Earlier this month, my friend Claire Arkin, 30, a non-profit worker in Berkeley, Cali., told me she’d been having oddly vivid and specific dreams. In one, she was getting dressed to attend a fancy gala, but instead of donning an evening gown and diamonds, she wrapped herself in toilet paper, “like some kind of f–ked up status symbol,” she said. A few nights later, she dreamt about men she’d met on a fictional dating app making her anxious by not staying the social distance-required six feet away from her.
Many people have been paying attention to their dreams more during the global coronavirus crisis. As various places around the world announced lockdowns, I started to notice an increasing number of people in those locations posting on social media, asking whether they were the only ones having bizarre and memorable dreams. Some people who claimed to never remember their dreams said they were recalling them for the first time.
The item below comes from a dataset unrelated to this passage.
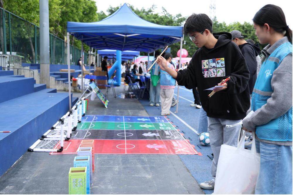 宣传点位设置了 “分类投沙包”“乒乓速分台”“绿茵分投战”“投分类壶”等一系列寓教于乐的互动游戏,吸引众多学生积极参与。

A recent “dream survey” conducted by Deirdre Leigh Barrett, an assistant professor of psychology at Harvard Medical School, seems to confirm that the incidence of vivid dreams has increased as the virus has spread around the world. This would not be unprecedented: studies have shown that events like 9/11 changed the way people dreamed for a time, making their dreams more intense and memorable in the days after the attacks. It seems feasible that the coronavirus pandemic, which has personally impacted almost everyone on Earth, could have a similar impact.
Untangling how and why events like these affect our dreams, however, is difficult. Despite huge popular interest in the subject, dreaming is still fairly poorly understood by science. We know that our brains use sleep to encode long-term memories, and we also know that dreams are either a part of this process, or a byproduct of it. Some studies show that rapid eye movement (REM) sleep, the sleep stage in which we have the most vivid dreams, is also crucial for our health, aiding in emotional regulation and learning. But the complex interactions between the events in our daily lives and our dreams is still not entirely understood.
One thing we can say for certain is that the current coronavirus crisis has led to a great deal of stress and anxiety for many millions of people. Research has shown that increased anxiety during the day can lead to more negative content in dreams, something several people I spoke to about their COVID-19-related dreams reported. They described dreams about dead bodies, watching friends or themselves attacked or killed, and other terrifying, surreal events that felt disturbingly real.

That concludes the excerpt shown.